MCD Wokshop 2

Ibrahim Inal

Data Handling

R vs. Packages

We have already seen data types and some basic properties. We will continue to understand more about data handling and related tools. Please note that everything related with data can either be done

  • only R

  • with packages

When it comes to packages, some packages are used more common than others. We will try to use both approaches. I encourage you to check alternative packages. There is always something cool!

Getting Data I: Packages

One of the easiest way to get data is to use already built in data in R. We will use the one of the most, if not the most, in-built data mtcars. To see all others you could type the function data() in your command window.

#Loading mtcars data
data("mtcars")
?mtcars #to learn more about the dataset


#To get some observations
head(mtcars)
tail(mtcars)

# Some functions from vector& matrix
nrow(mtcars)
ncol(mtcars)
dim(mtcars)

#variables
names(mtcars)

#some data might have rows as variables
row.names(mtcars)

# to understand the structure of the data
str(mtcars)

#If you'd like to view in a traditional way
View(mtcars)

Some data handling

When you have the data you may want to check if the data makes sense. For instance, if you read the help document vs,am etc can be considered as categorical variables. So it makes more sense to convert them to categorical variables.
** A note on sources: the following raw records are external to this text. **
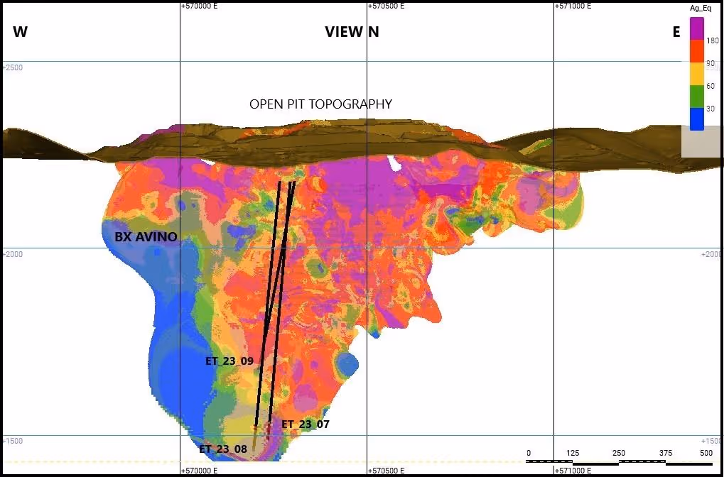 - Hole ET 23-07: 230 AgEq g/t over 11 metres true width
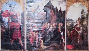 For a sophisticated yet warm interior, this painting thrives in spaces blending classical and organic elements. Hang it above a walnut-toned console in a study or dining room alongside Biedermeier furniture to echo its historical roots; the gilded accents pair beautifully with brass lamp bases or picture frames. Select a frame with delicate Baroque-inspired carvings—preferably in warm gold—to mirror the altarpiece’s ornate details. Given its likely intimate scale (typical of von Alt’s watercolors), position it where natural light simulates the painting’s luminous glow, perhaps opposite a window or beneath directional lighting. Balance its crimson and gold tones with muted sage green or taupe walls, allowing the artwork to anchor the room’s palette. In offices, it lends gravitas to executive areas, harmonizing with leather-bound books and dark wood furnishings for a timeless, cultured ambiance.
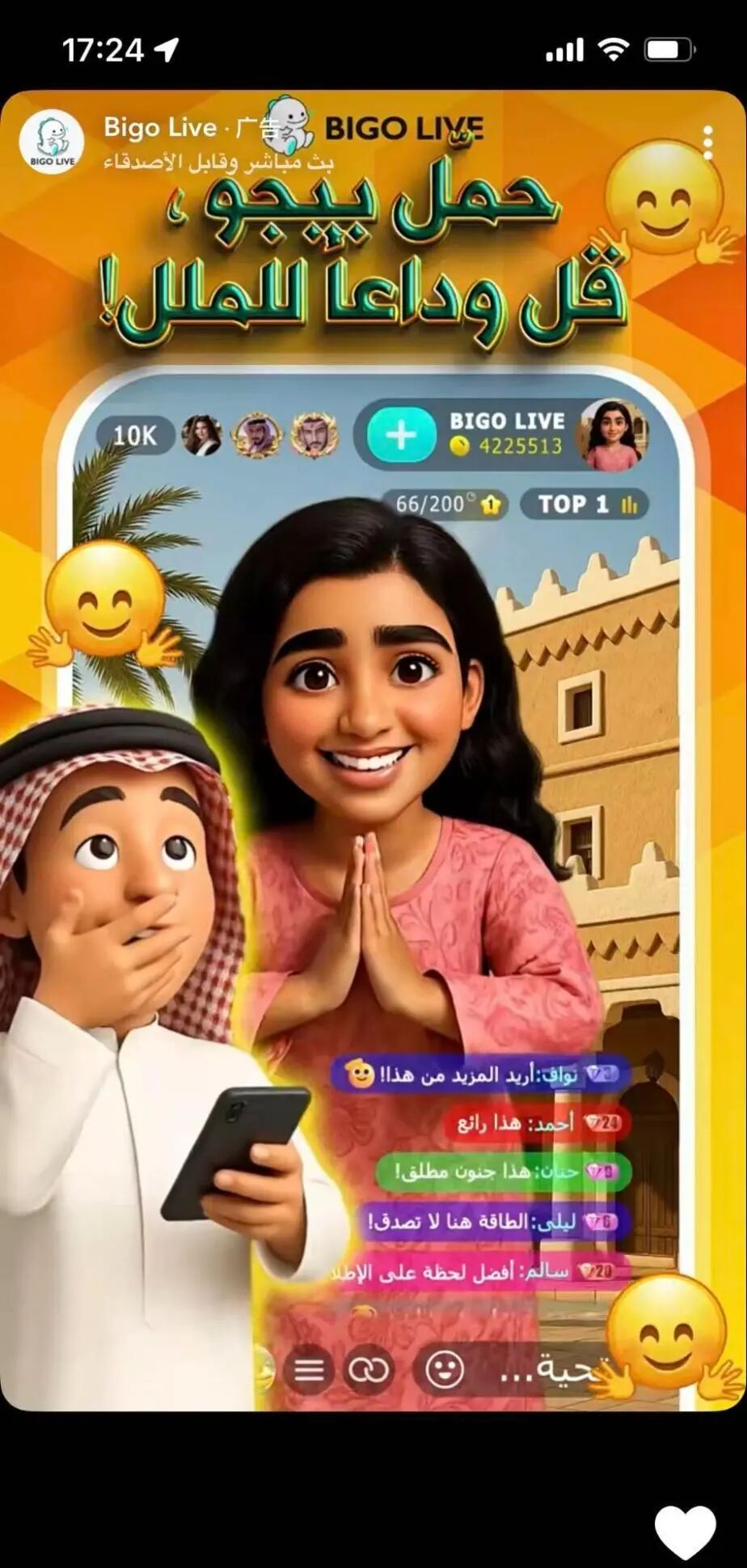 在稳固沙特这一核心市场的基础之上,Bigo Live 敏锐察觉到 Snapchat 在中东地区的巨大潜力,果断开启了针对这一地区其它国家的大规模拓新投放,成功触达了更广泛的“优质潜力股”。
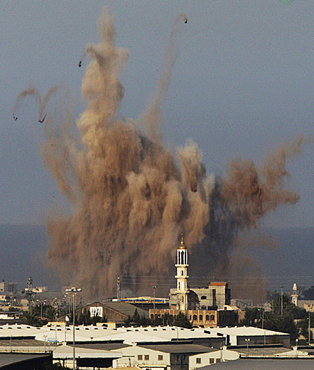 1月14日,以軍把打擊哈馬斯的攻勢(shì)進(jìn)一步深入到加沙地帶的主要城鎮(zhèn),爆炸聲和機(jī)關(guān)槍猛烈開火的聲音響徹整個(gè)加沙城。以軍飛機(jī)在夜間共發(fā)動(dòng)60多次空襲,攻擊重點(diǎn)集中在靠近埃及邊境被用來(lái)偷運(yùn)武器的地道。在加沙城郊街頭,以軍部隊(duì)與哈馬斯民兵展開激戰(zhàn)。巴勒斯坦急救部門在加沙地帶的負(fù)責(zé)人哈撒內(nèi)14日宣布,沖突已經(jīng)造成1001名巴勒斯坦人死亡,另有4580人受傷,其中很多死者是平民。
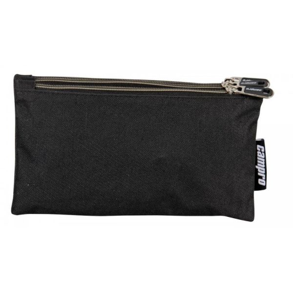 Estojinho triplo com fecho, três compartimentos e cores vivas, para organização com estilo.
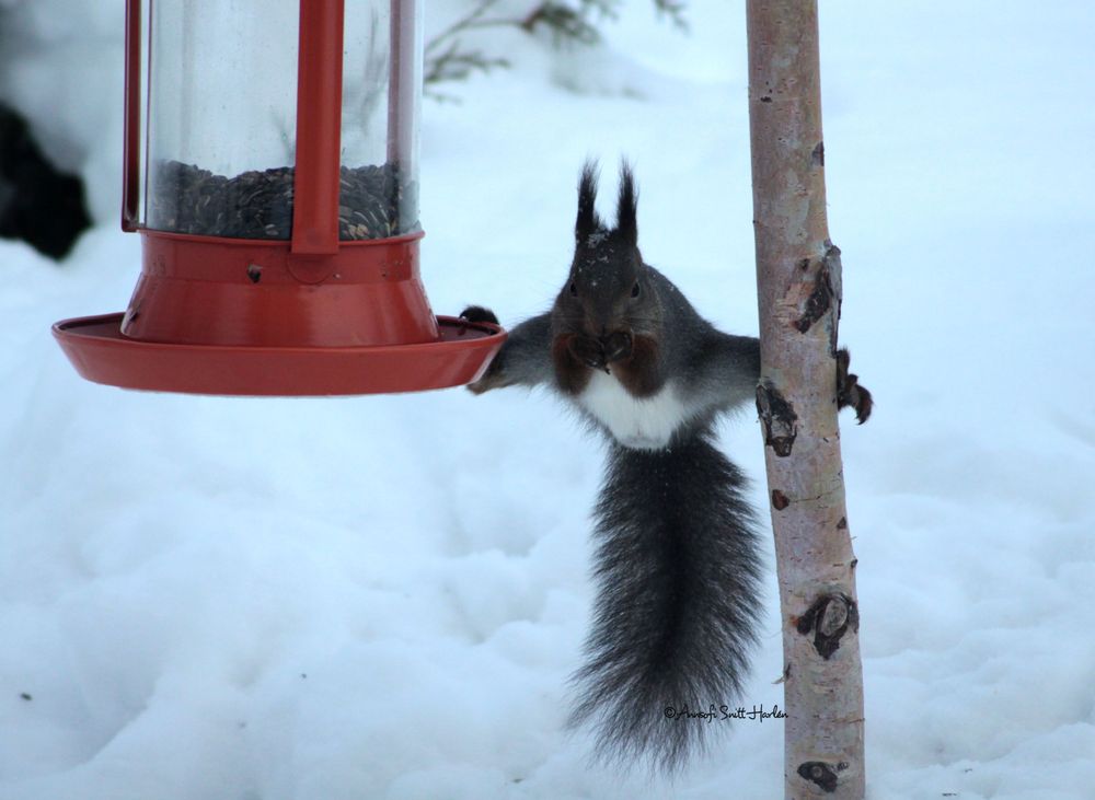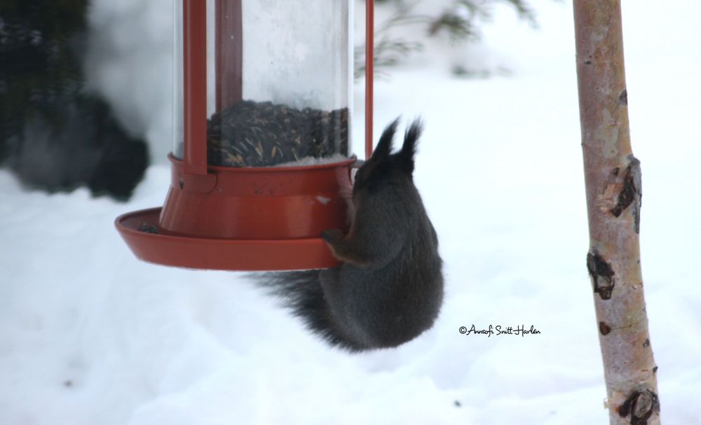 Likt en välkänd reklamfilm sträcker ekorren ut sina ben i en perfekt splitt för att nå maten i fågelmataren. Och tur för oss att Annsofi Snitt Harlén var där och kunde knäppa en bild!
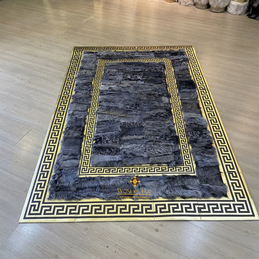 Handmade Natural Large Sheepskin Black Gold Living Room Rug , Soft Rug
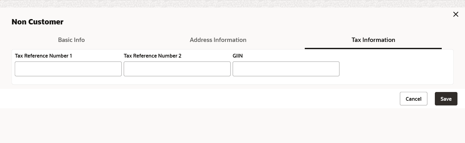 - In the Tax Information tab, specify the tax reference numbers and GIIN of the non-customer.
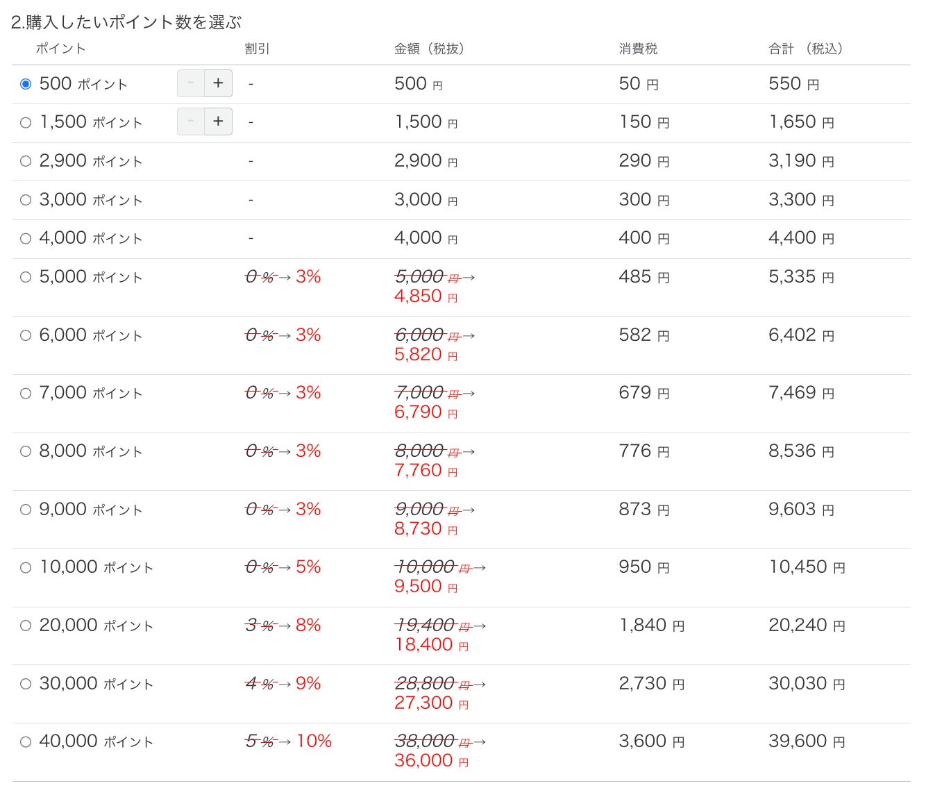 通常は20,000ポイント(22,000円税込)から割引ありの購入となりますが、上記期間(日本時間基準)でお支払い方法が銀行振込の場合のみ、5,000ポイントの購入から特別割引を適用いたします。
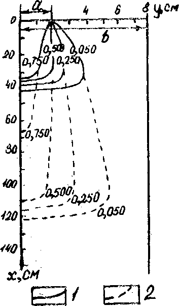 Значение поперечной дисперсии проще всего проиллюстрировать, запуская меченые частицы жидкости не по всей ширине, а лишь на ограниченном участке фильтрационного потока. Поперечная дисперсия приводит к распространению меченых частиц за пределами зоны, ограниченной крайними траекториями фильтрации меченой жидкости, к появлению здесь переходных зон и *: уменьшению скоростей продвижения фронта вытеснения в продольном направлении. Все это хорошо иллюстрируется рис. 6.8 [21], полученным по конкретному эксперименту.

#Converting numerical variables to categorical variables. 
mtcars$vs <- as.factor(mtcars$vs)
mtcars$am<-as.factor(mtcars$am)

You can try to look at structure of the data again or alternatively you could use class() function. If you would like to see each variable with class, then a better way is

lapply(mtcars,class)
sapply(mtcars,class)

When we have data the first thing to identify is whether there are missing variables or not. One way to do this

sum(is.na(mtcars))#to count the missing variables

Let’s delete a variable first

#creating missing variables
mtcars[1,1]<-NA  
mtcars[10,5]<-NA
sum(is.na(mtcars)) #checking the count of missing variables
colSums(is.na(mtcars)) #counting missing variables column by column
which(is.na(mtcars)) #getting the location of missing variables.

Now, we have a data set with missing variables. There are different ways to handle with missing data, you will learn more about this in other modules. One basic, or naive way, is to replace the missing value with the averages.

mtcars[1,1]<-round(mean(mtcars$mpg,na.rm = TRUE),2)#recording  missing value with mean of that variable

mtcars[10,5]<-round(mean(mtcars$drat,na.rm = TRUE),2)#recording missing value with mean of that variable

Alternatively, we could remove the missing data (most common way to handle) from out data set. To handle missing data, we either

complete.cases(mtcars)  # this gives logical values of whether a column is complete or not
mtcars[complete.cases(mtcars),]

or

na.omit(mtcars)

Practice

  1. Get the built-in data set airquality. How many missing values are in this data set?
  1. Which variables are the missing values concentrated in?
  1. How would you impute the mean or median for these values?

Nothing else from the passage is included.